Die Montecristi Verfassung der Republik Ecuador von 2008 besagt ausdrücklich in ihrer Präambel: „Wir feiern die Natur, unsere Pachamama, von der wir ein Teil sind und die für uns von existenzieller Wichtigkeit ist.“ Im Folgenden betont sie, dass die Republik „eine neue Form des Zusammenlebens der Bürger gestalten will, in Vielfalt und in Harmonie mit der Natur, um das Gute Leben oder das Sumach Kawsay (die Fülle des Lebens) zu erreichen“. In Artikel 71, Kapitel VII heißt es: „Die Natur, bzw. Pachamama, in der das Leben reproduziert wird und Bewusstsein erlangt, hat ein Recht darauf, dass ihre Existenz in vollem Umfang respektiert wird, ihre Lebenszyklen erhalten und wiederhergestellt werden sowie ihre Evolutionsstruktur, -funktionen und -prozesse; alle Personen, Gemeinschaften, Völker oder Nationen können von den offiziellen Autoritäten verlangen, dass die Natur geschützt wird und dass der Respekt für alle Elemente, die ein Ökosystem bilden, gefördert wird.“
Die Worte der Präambel der Politischen Verfassung des Staates Bolivien, über die im Jahr 2009  abgestimmt wurde, sind bewegend: „In Erfüllung des Mandats unseres Volkes, mit der Stärke unserer Pachamama und in Dankbarkeit vor Gott gründen wir Bolivien neu.“  Artikel 33 lautet: „Die Menschen haben ein Recht auf eine gesunde Umgebung, auf Schutz und auf eine Umwelt, die sich im Gleichgewicht befindet.
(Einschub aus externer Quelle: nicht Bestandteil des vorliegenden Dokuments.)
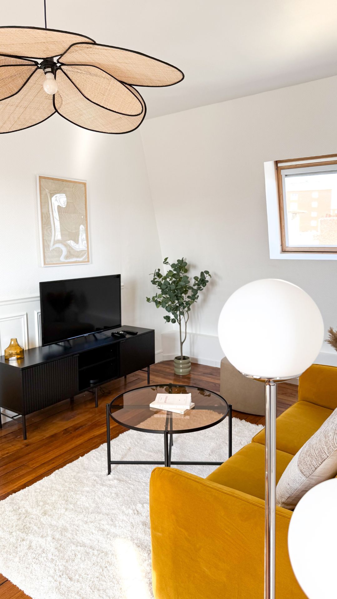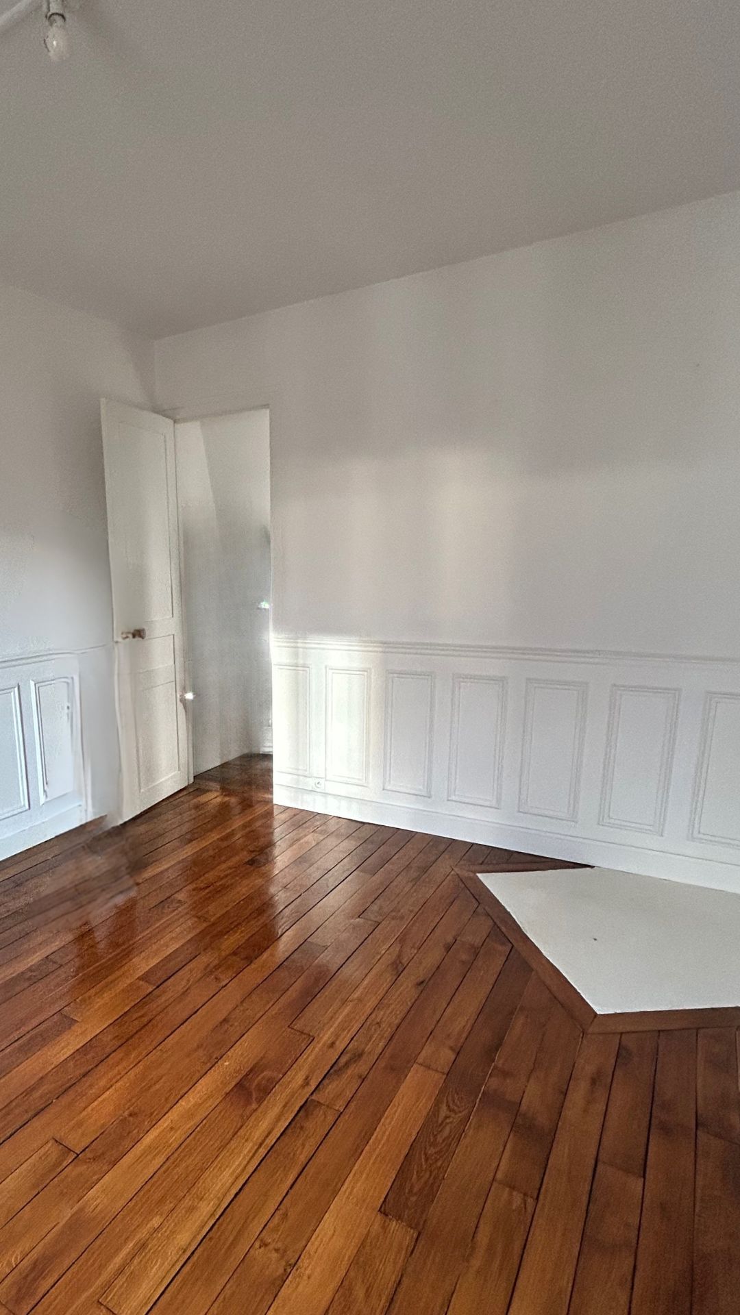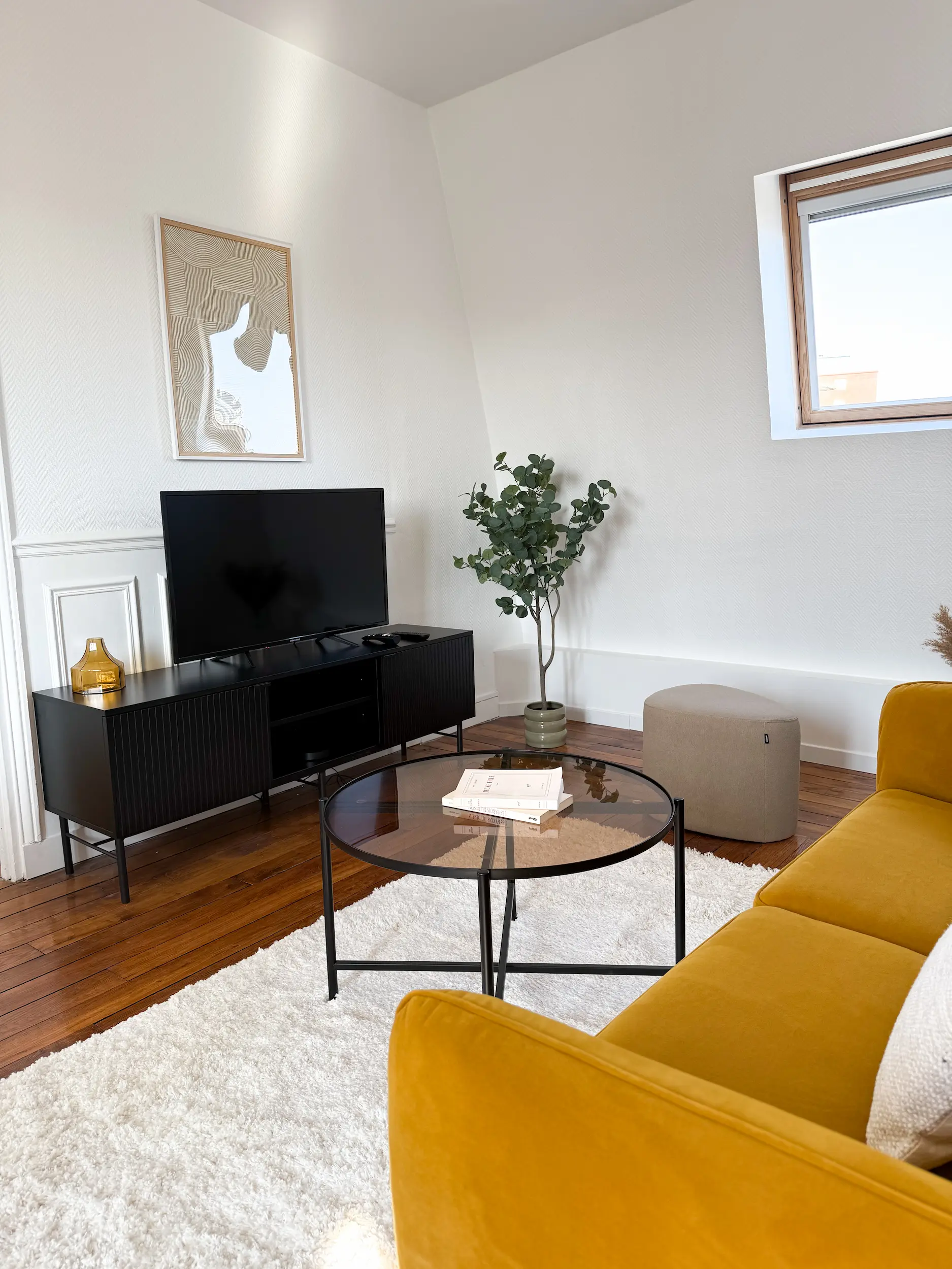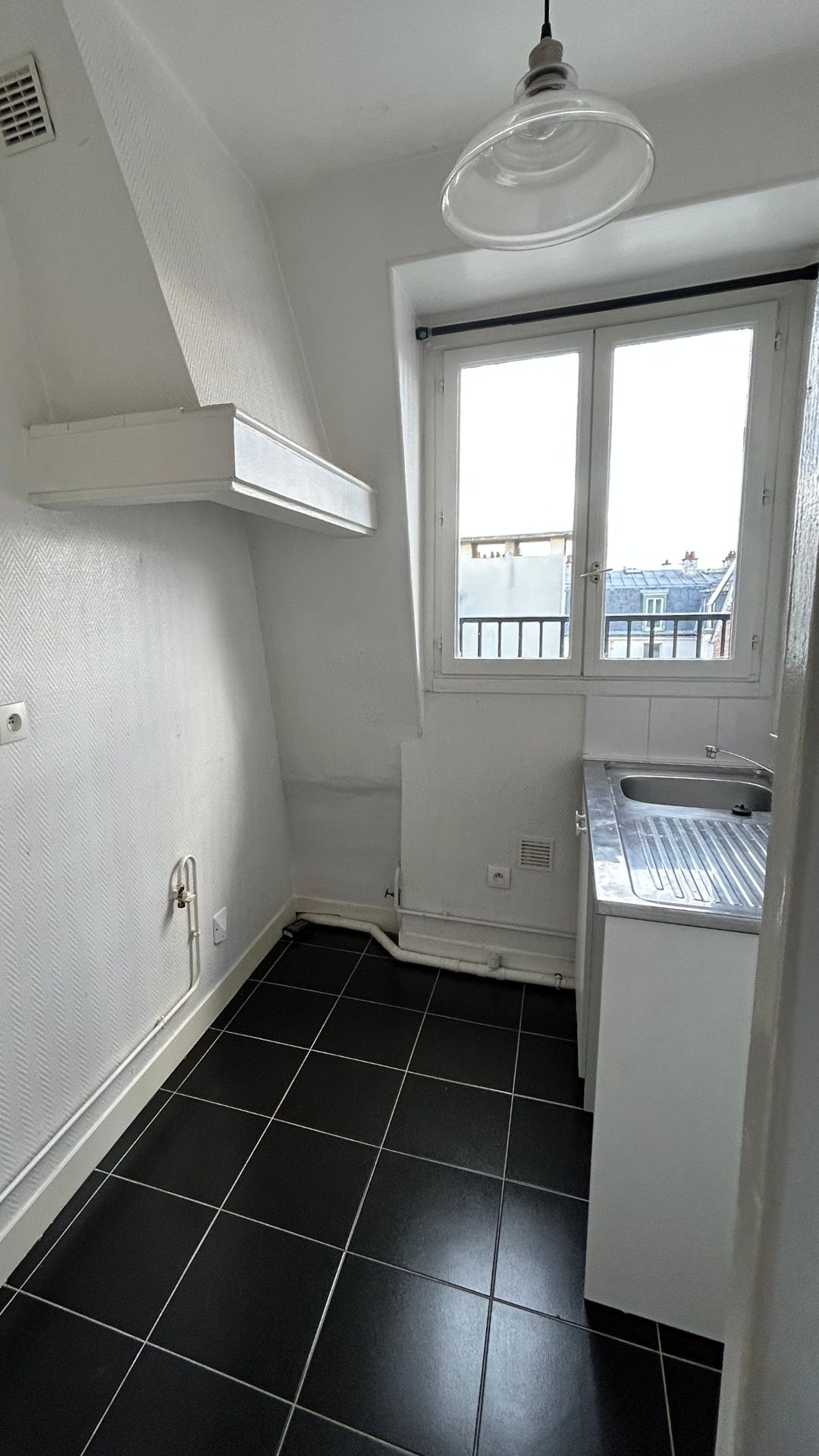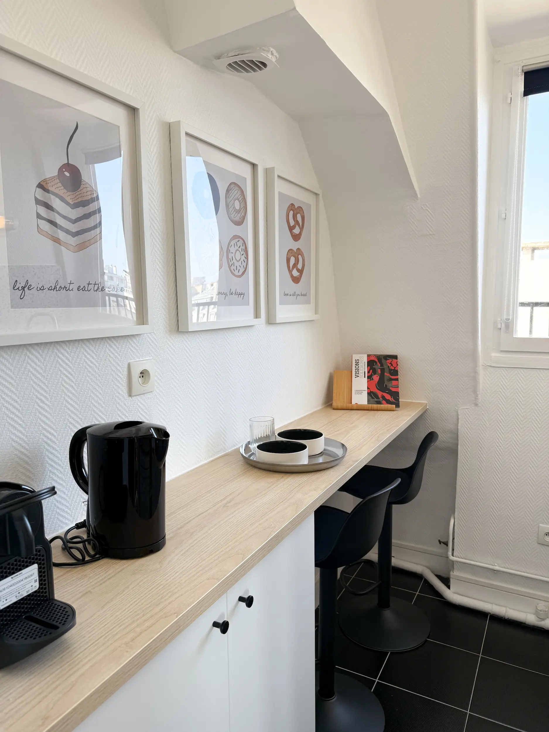 Situé en étage élevé dans le 14ᵉ arrondissement de Paris, cet appartement de 35 m² bénéficiait d’une belle luminosité, mais souffrait d’un cloisonnement inutile au cœur de la pièce principale.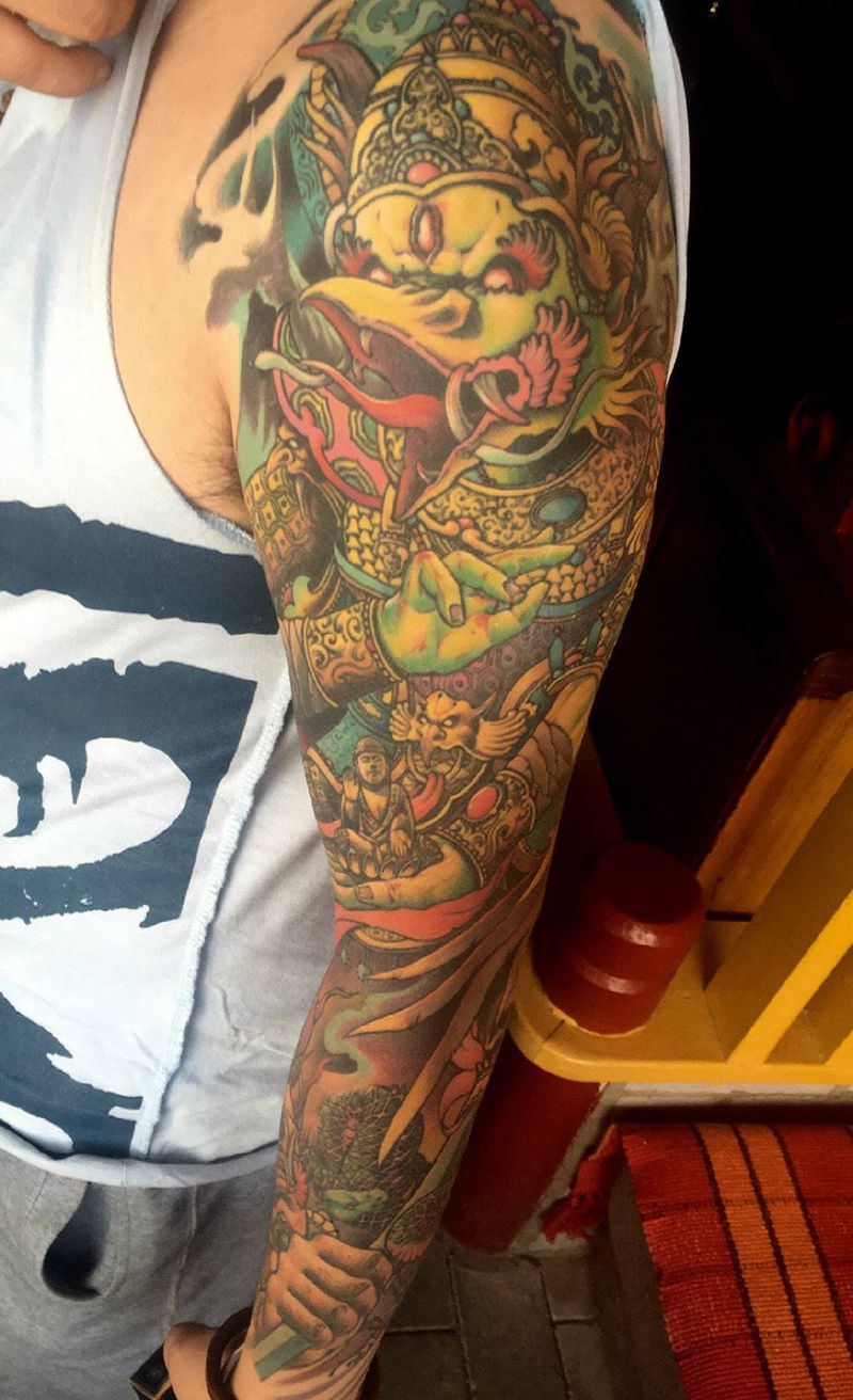 当前位置: 首页 >甘肃省兰州市纹身店-兰州赤炎刺纹身工作室纹身图案>大鹏金翅鸟恢复一年后纹身图片_手臂手部老传统新传统大鹏金翅鸟迦楼罗原创纹身图案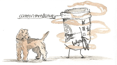 “stayhereDonuts,needmylowfatlatte” Wynn ties up the Welsh Terrier to a table leg and wobbles inside.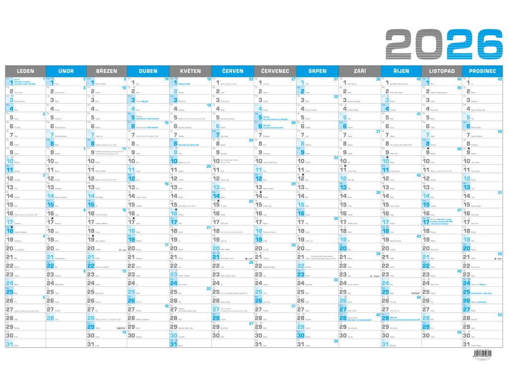 Velký nástěnný kalendář vhodný pro kanceláře a zapisování všech důležitých termínů, laděný do modré barvy.Doplňkové parametry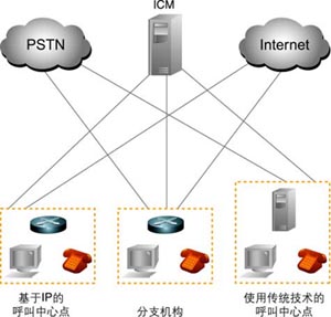 ICM軟件的CTI組件可使用戶實施全面的網(wǎng)絡到桌面CTI戰(zhàn)略,包括座席工作站的綜合功能;贑TI服務器,ICM平臺管理Internet、電信商網(wǎng)絡、ACD、IVR、Web服務器、業(yè)務應用、數(shù)據(jù)庫以及ICM平臺本身提供的實時與歷史信息。此外,CTI服務器可在呼叫進行過程中隨事件的出現(xiàn)為服務器實時提供座席、聯(lián)系與客戶數(shù)據(jù)。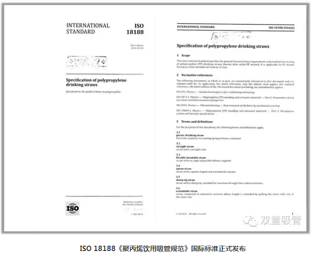 2008年7月,雙童在完成《聚丙烯飲用吸管》行業(yè)標準、國家標準的起草編制任務(wù)后,向ISO標準化管理組織申請了國際標準的起草制定任務(wù)。四年后,中國、泰國、瑞典、法國、南非五國組成的《聚丙烯飲用吸管規范》國際標準起草委員會(huì )成立。

Die Ausübung dieses Rechts muss jedem Einzelnen und allen Gemeinden der gegenwärtigen und künftigen Generationen, einschließlich anderer Lebewesen, ermöglichen, sich in einer normalen und dauerhaften Weise zu entfalten.“ In Artikel 34 heißt es: „Jede Person, ob als Individuum oder als Vertreter einer Gemeinschaft, hat das Recht, legale Aktionen zum Schutz der Umwelt zu unternehmen.“
Hier haben wir es mit einem wahrhaft ökologischen Konstitutionalismus zu tun, der Form und Gestalt in den genannten Verfassungen annimmt. Solche Visionen sind Vorläufer für alle künftigen Konstitutionen der Menschheit. Nur mit einer solchen Einstellung und Bereitschaft werden wir ein glückliches Geschick auf diesem Planeten gewährleisten können.